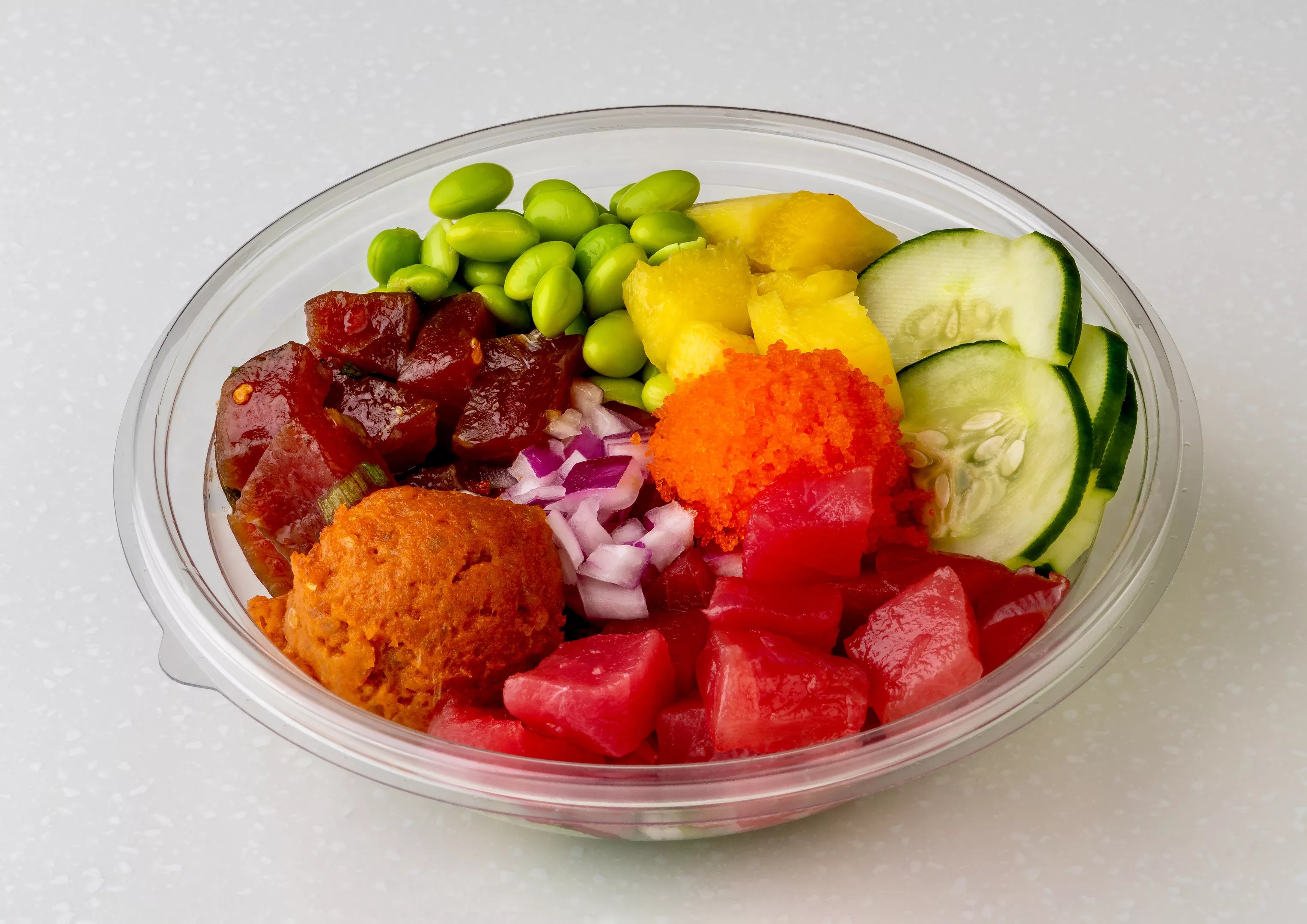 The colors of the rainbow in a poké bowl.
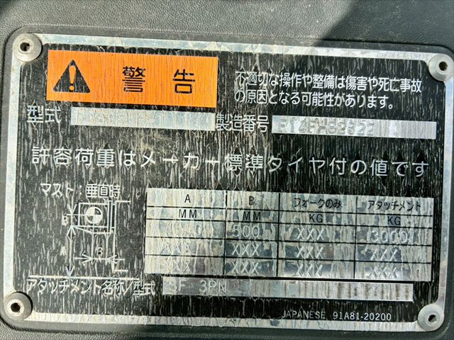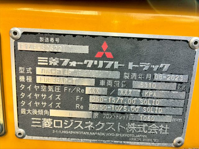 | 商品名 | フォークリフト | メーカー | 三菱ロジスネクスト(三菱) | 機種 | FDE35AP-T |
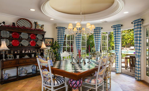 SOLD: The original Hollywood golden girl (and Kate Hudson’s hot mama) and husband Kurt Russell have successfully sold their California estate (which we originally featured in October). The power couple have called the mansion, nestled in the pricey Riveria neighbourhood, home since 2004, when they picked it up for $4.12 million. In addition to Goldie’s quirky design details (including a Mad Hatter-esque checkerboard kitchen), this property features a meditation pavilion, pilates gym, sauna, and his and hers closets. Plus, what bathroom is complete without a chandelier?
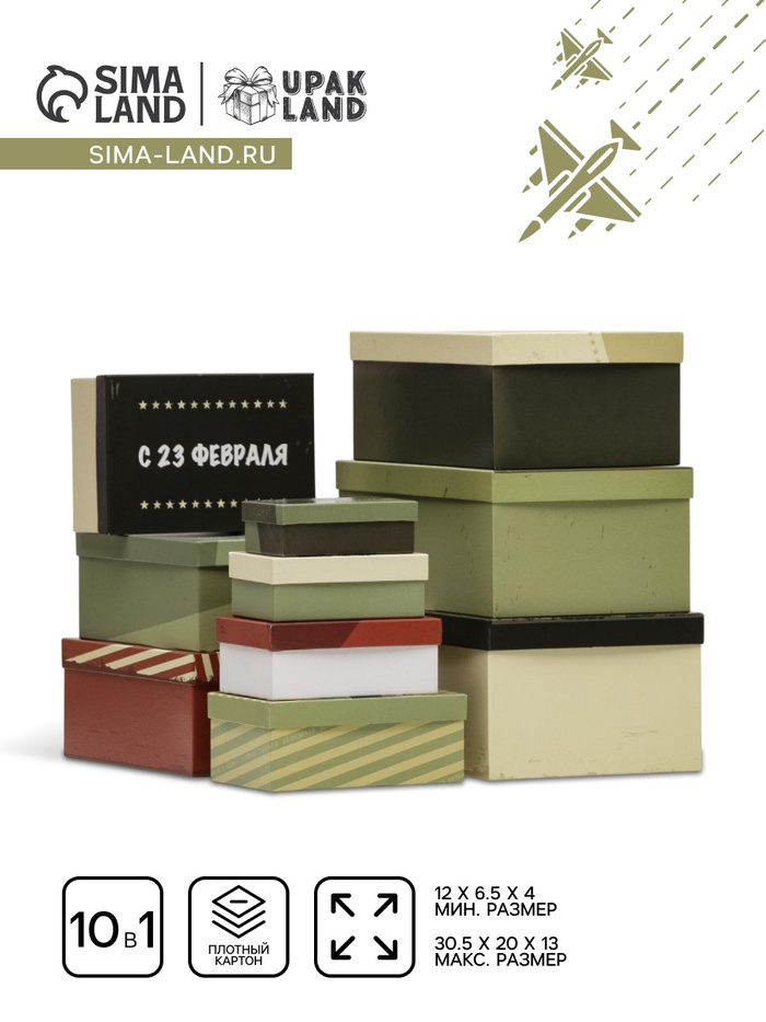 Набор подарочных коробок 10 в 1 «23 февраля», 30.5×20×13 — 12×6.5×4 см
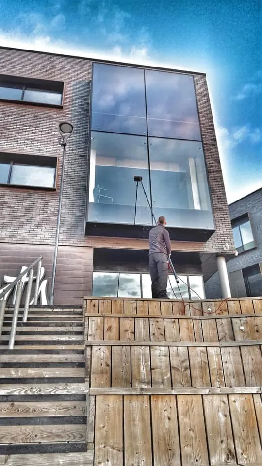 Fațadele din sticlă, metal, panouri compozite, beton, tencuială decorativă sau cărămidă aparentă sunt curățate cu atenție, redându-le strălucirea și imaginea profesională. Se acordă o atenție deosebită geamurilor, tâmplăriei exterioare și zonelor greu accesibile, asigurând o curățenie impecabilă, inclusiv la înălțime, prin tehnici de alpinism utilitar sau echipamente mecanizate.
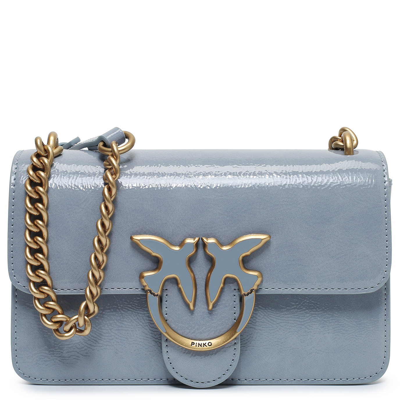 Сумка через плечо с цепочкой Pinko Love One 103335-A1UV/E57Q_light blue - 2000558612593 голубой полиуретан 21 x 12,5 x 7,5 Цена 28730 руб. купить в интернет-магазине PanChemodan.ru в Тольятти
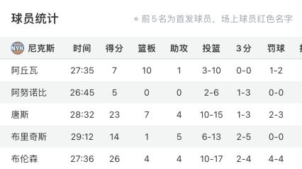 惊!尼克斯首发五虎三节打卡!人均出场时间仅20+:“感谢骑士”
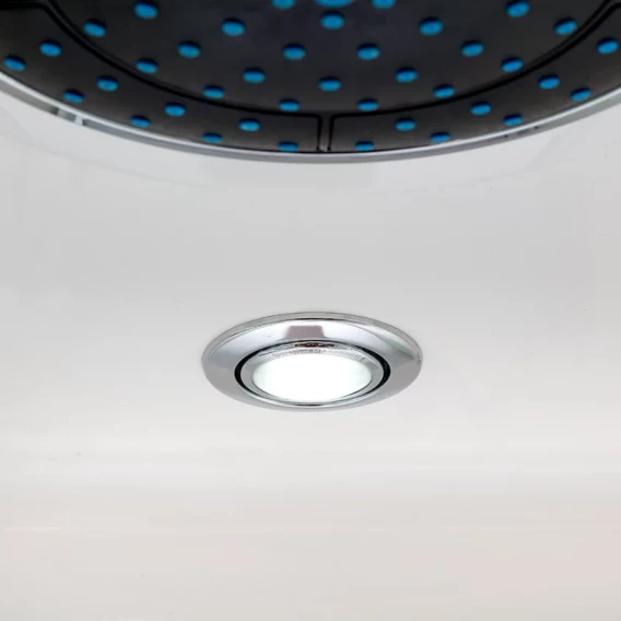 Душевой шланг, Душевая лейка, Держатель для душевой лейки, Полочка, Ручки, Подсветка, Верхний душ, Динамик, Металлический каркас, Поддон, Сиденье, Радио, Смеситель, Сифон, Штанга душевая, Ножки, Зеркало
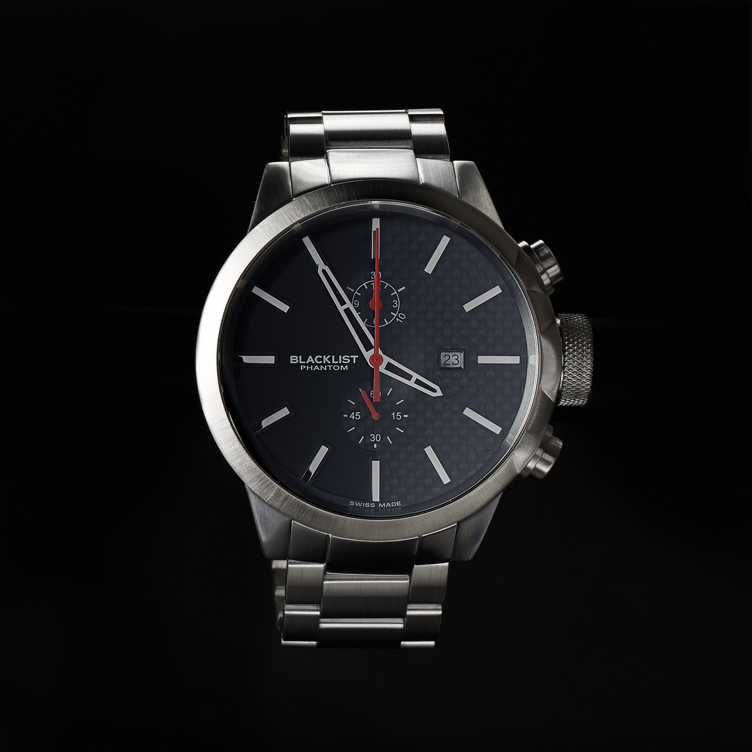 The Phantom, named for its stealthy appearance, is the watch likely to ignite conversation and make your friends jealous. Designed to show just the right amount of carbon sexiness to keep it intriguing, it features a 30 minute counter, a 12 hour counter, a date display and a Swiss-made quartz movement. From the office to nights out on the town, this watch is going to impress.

--------------------

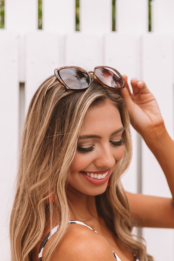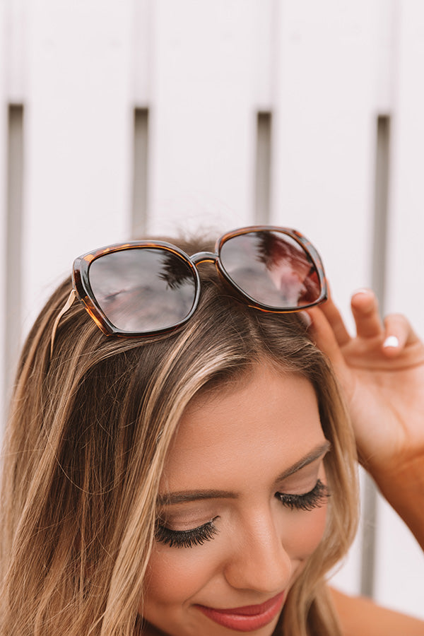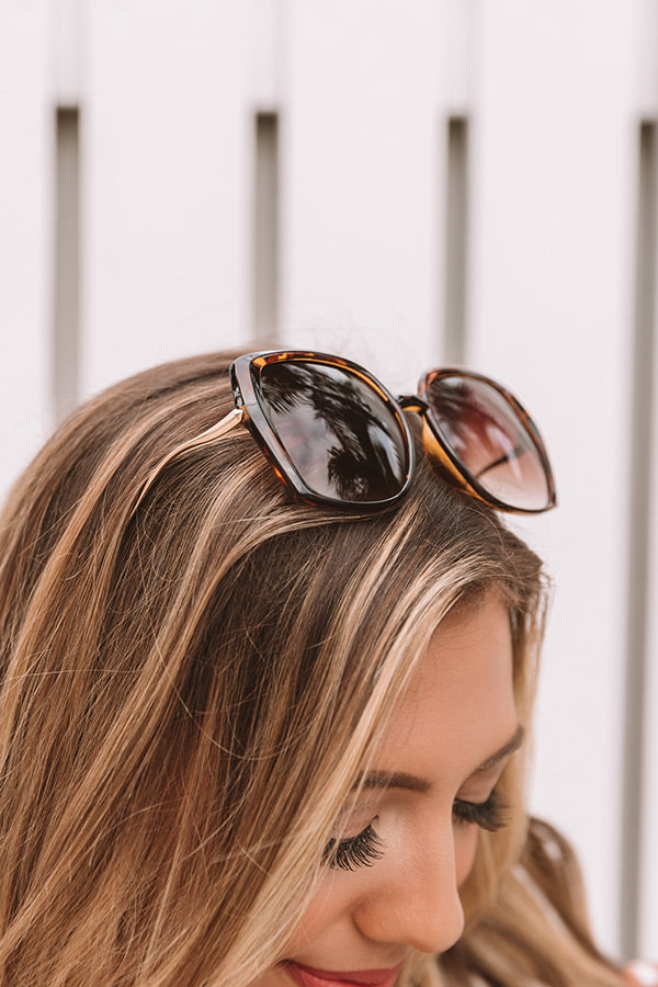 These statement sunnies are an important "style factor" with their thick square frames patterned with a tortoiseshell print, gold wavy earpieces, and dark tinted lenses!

--------------------

## Work instructions
Return exactly the stretch above whose first line contains "Fațadele din sticlă, metal, panouri" and whose last line contains "Душевой шланг, Душевая", and nothing outside it. The pictures should not appear.

## Written answer
 Fațadele din sticlă, metal, panouri compozite, beton, tencuială decorativă sau cărămidă aparentă sunt curățate cu atenție, redându-le strălucirea și imaginea profesională. Se acordă o atenție deosebită geamurilor, tâmplăriei exterioare și zonelor greu accesibile, asigurând o curățenie impecabilă, inclusiv la înălțime, prin tehnici de alpinism utilitar sau echipamente mecanizate.
 Сумка через плечо с цепочкой Pinko Love One 103335-A1UV/E57Q_light blue - 2000558612593 голубой полиуретан 21 x 12,5 x 7,5 Цена 28730 руб. купить в интернет-магазине PanChemodan.ru в Тольятти
 惊!尼克斯首发五虎三节打卡!人均出场时间仅20+:“感谢骑士”
 Душевой шланг, Душевая лейка, Держатель для душевой лейки, Полочка, Ручки, Подсветка, Верхний душ, Динамик, Металлический каркас, Поддон, Сиденье, Радио, Смеситель, Сифон, Штанга душевая, Ножки, Зеркало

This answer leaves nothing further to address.